* _Dataset content_
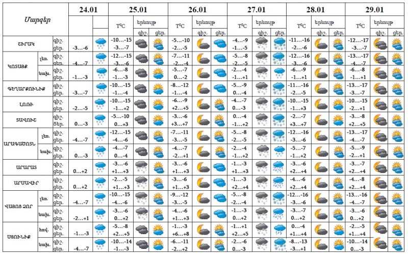 Հունվարի 24-ի ցերեկը, 27-ին հանրապետության ողջ տարածքում, 25-ի գիշերը, 26-ի երեկոյան ժամերին առանձին շրջաններում սպասվում է ձյուն։ Հունվարի 24-ի ցերեկը, տեղումները առանձին հատվածներում կլինեն ինտենսիվ, լեռնային առանձին շրջաններում սպասվում է նաև բուք, մառախուղ, ճանապարհներին՝ մերկասառույց։ Հունվարի 25-ի ցերեկը, 26-ի գիշերը, 28-29-ին սպասվում է առանց տեղումների եղանակ։
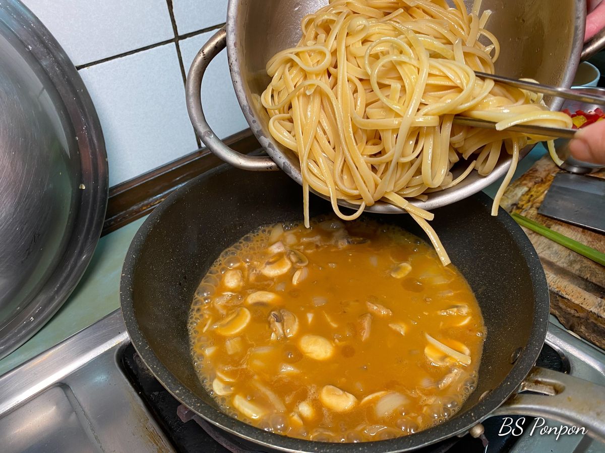 倒入退冰的龍蝦濃湯,中小火煮滾,鍋中加入煮好的義大利麵,然後開始翻炒直到醬汁與麵條均衡結合,沒有硬性規定要煮多久,就看個人喜歡濕潤或乾爽口感而定
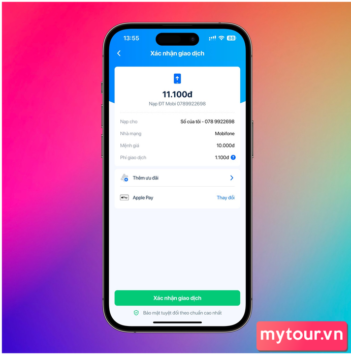 Trước mỗi giao dịch, thiết bị thanh toán sẽ xác thực bằng vân tay TouchID hoặc nhận dạng khuôn mặt FaceID. Nếu sử dụng Apple Watch hoặc iPhone không hỗ trợ vân tay và khuôn mặt, bạn có thể sử dụng mật khẩu để xác thực.Apple Pay đã tích hợp trên Ví ZaloPay

* _How to complete this task_
Reproduce exactly, and only, the lines from the one with "倒入退冰的龍蝦濃湯,中小火煮" to the final line of the listing above; the pictures are to be left out.

* _Output for this task_
 倒入退冰的龍蝦濃湯,中小火煮滾,鍋中加入煮好的義大利麵,然後開始翻炒直到醬汁與麵條均衡結合,沒有硬性規定要煮多久,就看個人喜歡濕潤或乾爽口感而定
 Trước mỗi giao dịch, thiết bị thanh toán sẽ xác thực bằng vân tay TouchID hoặc nhận dạng khuôn mặt FaceID. Nếu sử dụng Apple Watch hoặc iPhone không hỗ trợ vân tay và khuôn mặt, bạn có thể sử dụng mật khẩu để xác thực.Apple Pay đã tích hợp trên Ví ZaloPay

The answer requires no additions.